> [WHAT YOU NEED TO DO] Print only the lines below from the one with "5대 분야의 국가경쟁력, 특허보유" to the one with "OUR MERRY &", both included, exactly as they stand. Leave pictures out.

══ DATASET RECORDS

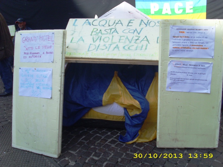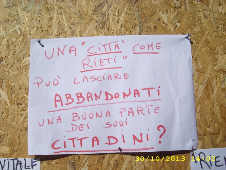 Alcune famiglie reatine sono accampate da ieri davanti agli archi del Palazzo del Comune proprio per rivendicare il diritto alla casa. L’art 23 cita testualmente: «… La locazione dei beni del patrimonio disponibile è soggetta alle norme della legge 431/98. Il Settore competente effettua periodicamente una ricognizione dei beni del patrimonio disponibile che risultano sfitti al fine di programmarne la utilizzazione. Individua pertanto: a) gli alloggi destinati ad uso abitativo; La Giunta Comunale, con proprio provvedimento, indica al responsabile del procedimento competente alla emanazione del bando per la locazione degli immobili suddetti, i criteri di valutazione delle richieste e le eventuali priorità per i nuclei familiari in particolari condizioni di disagio economico-sociale».
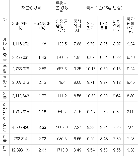 5대 분야의 국가경쟁력, 특허보유 수준, 기술역량을 종합적으로 검토한 결과, 미국과 일본이 자본 경쟁력과 무형자본 경쟁력에서 앞서는 것으로 조사됐다. 한국은 GDP 규모에 비해 R&D 투자 비율과 특허수준이 상대적으로 높은 수준이었다.
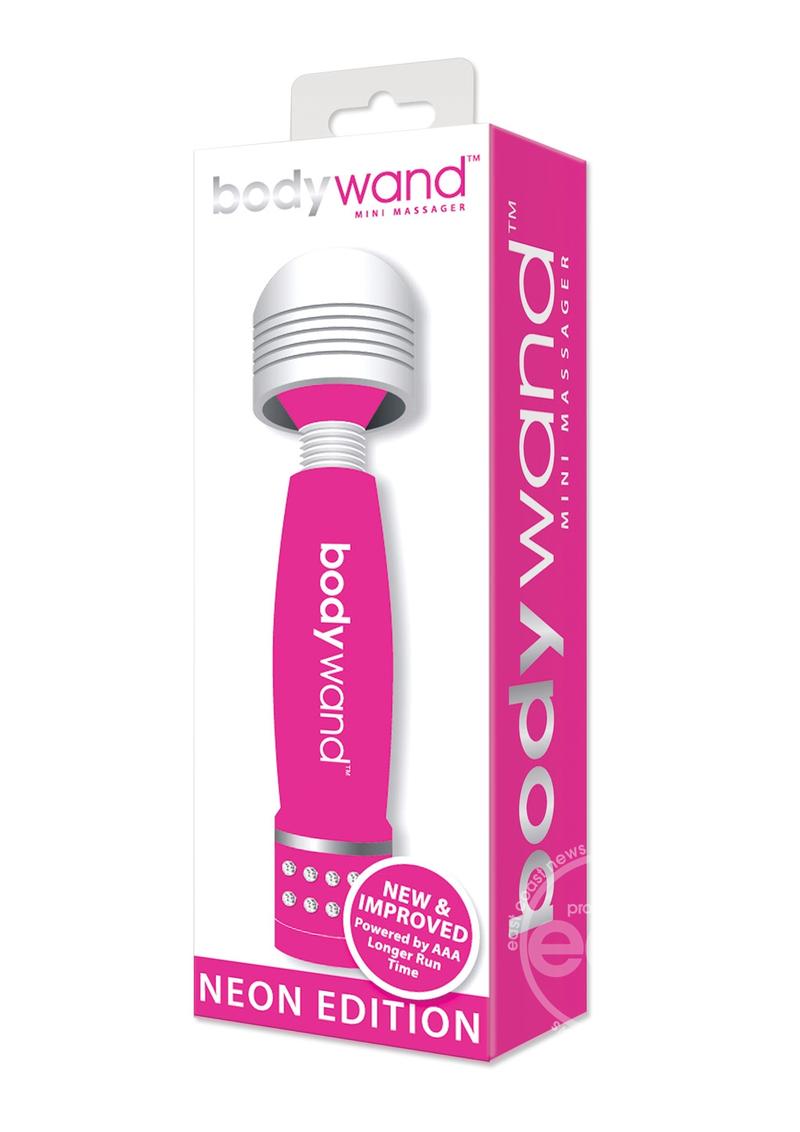 The New & Improved Bodywand Mini Wands are perfect for travel and on-the-go delights. Measuring just 4 inches tall, these wands were engineered for strong and continuous stimulation. Powered by a single AAA battery ( not included) which allows for a longer run time, and operated by a simple turn on the bottom.
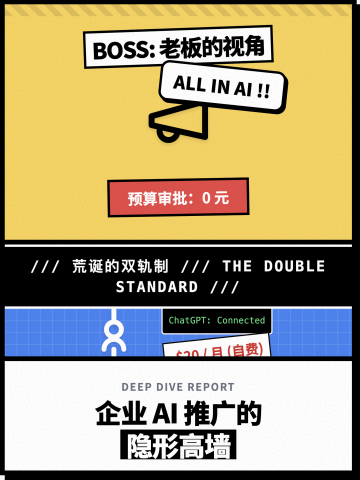 效率是提了,但那是员工自费、冒着违规风险换来的。老板既不给好用的铲子,也不给买铲子的钱,却想要挖出金矿。 这种情况下,谁会大张旗鼓地宣传 AI 提效?那不是自投罗网吗?
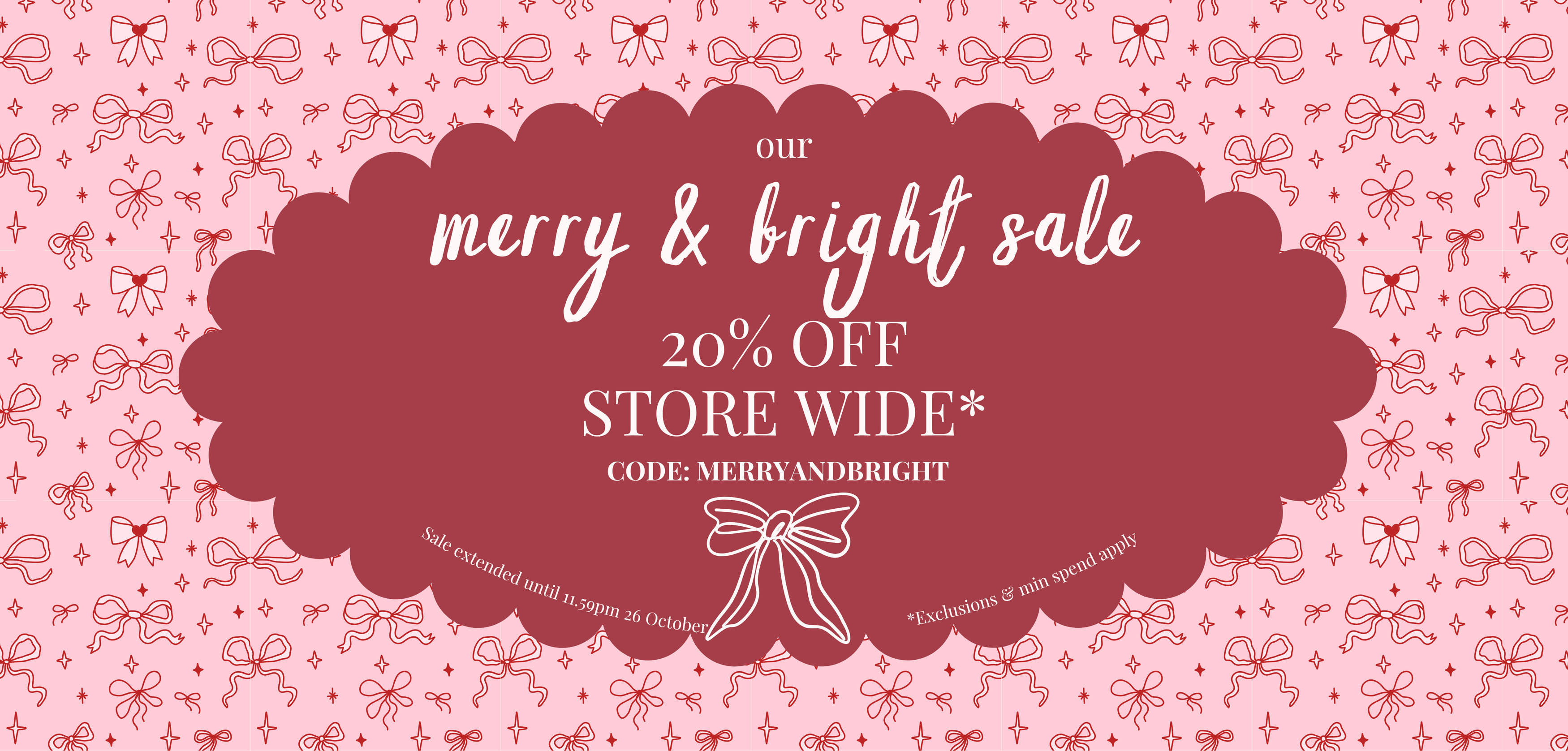 OUR MERRY & BRIGHT SALE IS NOW ON! SAVE A HUGE 20% OFF STORE WIDE* WITH CODE "MERRYANDBRIGHT" (Exclusions and $50.00 min spend apply. Ends 11.59pm 26/10/25)
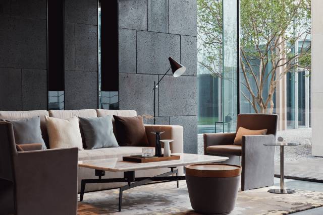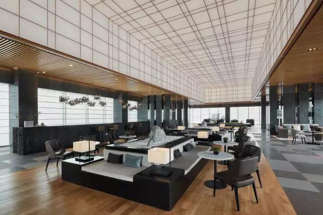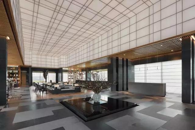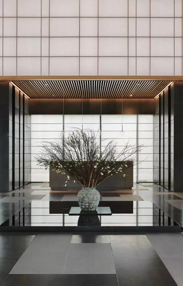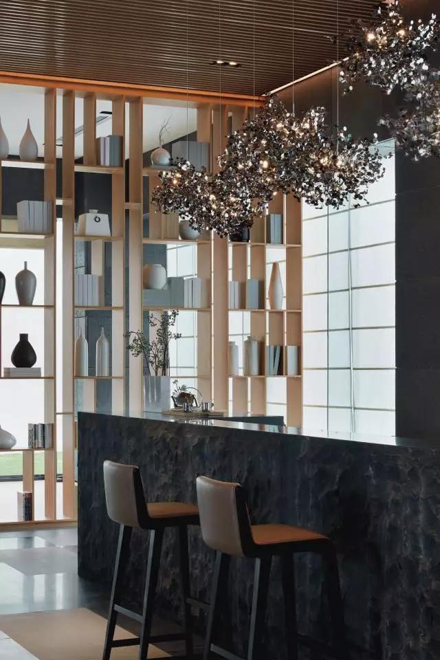 借由東方園林式的假山,打造出“未若柳絮因風(fēng)起”的雪景,美如水墨畫、細(xì)膩至極。這與圍繞式洽談方式布置相結(jié)合,巧妙處理好空間形態(tài)和陳設(shè)之間的關(guān)系。大尺度挑高設(shè)計,加上頂部有序交互的線條,讓空間極具延展性,通透敞亮的照明效果搭配藝術(shù)性燈光點(diǎn)綴,使整體氛圍更顯大氣與品位。該空間通過主體、功能位置、通透的序列式的立面關(guān)系,自然分割空間視線,同時又實現(xiàn)了將光線引入到室內(nèi)的最大化。

════

> [SOLUTION FOR THIS PROBLEM]
 5대 분야의 국가경쟁력, 특허보유 수준, 기술역량을 종합적으로 검토한 결과, 미국과 일본이 자본 경쟁력과 무형자본 경쟁력에서 앞서는 것으로 조사됐다. 한국은 GDP 규모에 비해 R&D 투자 비율과 특허수준이 상대적으로 높은 수준이었다.
 The New & Improved Bodywand Mini Wands are perfect for travel and on-the-go delights. Measuring just 4 inches tall, these wands were engineered for strong and continuous stimulation. Powered by a single AAA battery ( not included) which allows for a longer run time, and operated by a simple turn on the bottom.
 效率是提了,但那是员工自费、冒着违规风险换来的。老板既不给好用的铲子,也不给买铲子的钱,却想要挖出金矿。 这种情况下,谁会大张旗鼓地宣传 AI 提效?那不是自投罗网吗?
 OUR MERRY & BRIGHT SALE IS NOW ON! SAVE A HUGE 20% OFF STORE WIDE* WITH CODE "MERRYANDBRIGHT" (Exclusions and $50.00 min spend apply. Ends 11.59pm 26/10/25)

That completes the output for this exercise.